I've developed an obsession with space in the last couple of years, particularly with satellites, probes, landers, rovers, and other gadgets that we send into it. When I was a kid, I used to read and dream about space, but wandered off into other meadows. Returning to it is a blast (sorry) as my decades studying, working with, and reporting with technology gives me an entrée into the world (or worlds) of mission planning, launches, travel, landing, and deployment. 

Glenn visits Curiosity's sibling at JPL in Pasadena.

Glenn visits Curiosity's sibling at JPL in Pasadena.

Here's a collection of what I've been writing about, largely at the Economist.

Voyager 1 & 2

The Voyagers continue to function nearly four decades after launch, delivering useful science. Most recently, Voyager 1 passed the edge of the solar magnetic bubble (the heliosphere), crossing the heliopause into the interstellar medium! (It's still within the solar system, as defined by the sun's gravitational pull, however.)

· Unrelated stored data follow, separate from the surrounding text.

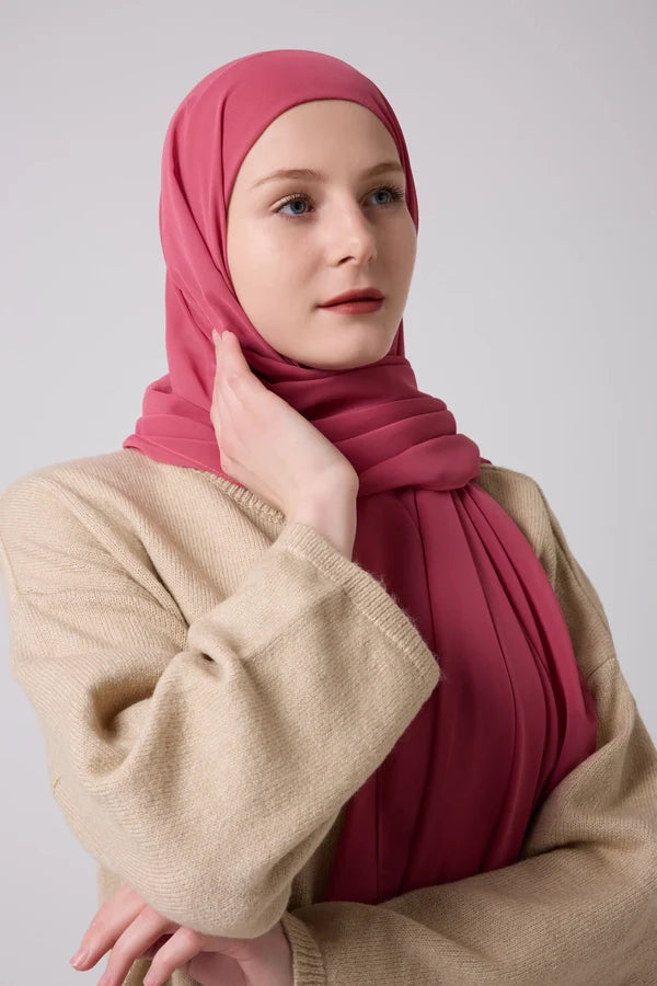 Secure All-Day Wear: The combination of the secure full-coverage underscarf and flowing chiffon layer ensures your hijab stays in place all day without constant readjustment.
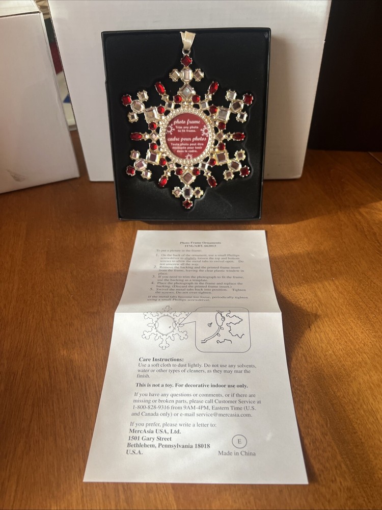 Snowflake Photo Frame Ornament with Rhinestones in Silver Gold Red Gift Box
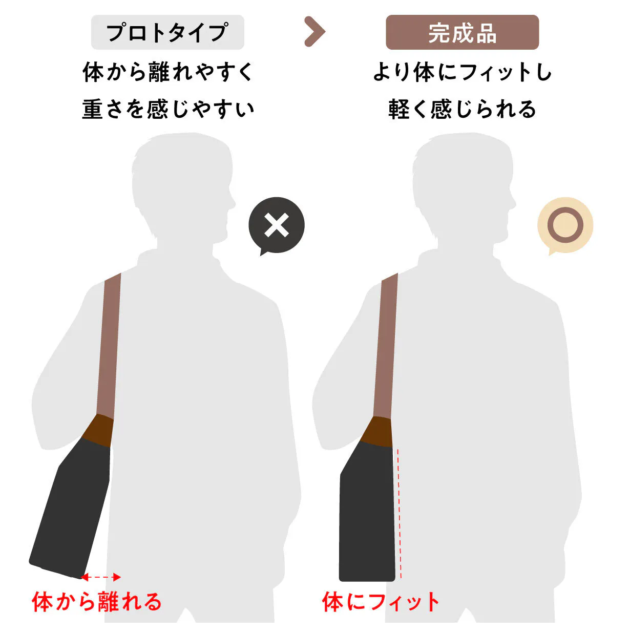 弊社従来品では重いPCをいれて肩にかけるとバッグが体から離れるようになっていましたが、パターン、縫い方を何回も試作することで解決しました。

In a bit of nice timing, I visited the Jet Propulsion Lab in Pasadena in January 2013 for a bunch of reporting, and wrote up a visit with Ed Stone for the Economist, the principal investigator of the Voyager missions from their start in the 1970s and still a

In March 2013, the first paper appeared suggesting that Voyage 1 had broken through the heliopause. I wrote an Economist Explains about it. Later in the year, after more analysis had appeared and more scientific consensus was reached, I filed a long report for Boing Boing on Voyager 1's progress and ostensible current location.

My long-time Economist editor, Tom Standage, co-wrote a feature for Technology Quarterly, "In Praise of Celestial Mechanics," about keeping all this gear alive when it's in orbit around Earth or billions of miles away. (In typical Economist fashion, I wrote a long draft from my JPL visit and other research, Tom tinkered with it and extended material from his expertise, and I was delighted with the final result.)

Nanosatellites and Other Small Birds

The cost per kilogram of pushing something from Earth into orbit, however high, has dropped substantially over the last few decades, and is poised to drop another order of magnitude if SpaceX perfects its reusable craft. However, it's still relatively expensive. But instead of relying on cheaper launches, sending up more compact and capable gear sheds cost, too! Nanosatellites — 10 cm cubes weight about 1 kg — and both somewhat smaller and larger gear are already revolutionizing how information will be gathered from near space.

I did some more travel for this piece, interestingly to San Francisco, where several firms are making bijou satellites inside of ordinary office spaces and small warehouses. Thousands of small satellites will launch in the next couple of years, bringing information from space within reach — anything a satellite can measure up, down, or sideways. I filed this Technology Quarterly cover story, "Nanosats are go!"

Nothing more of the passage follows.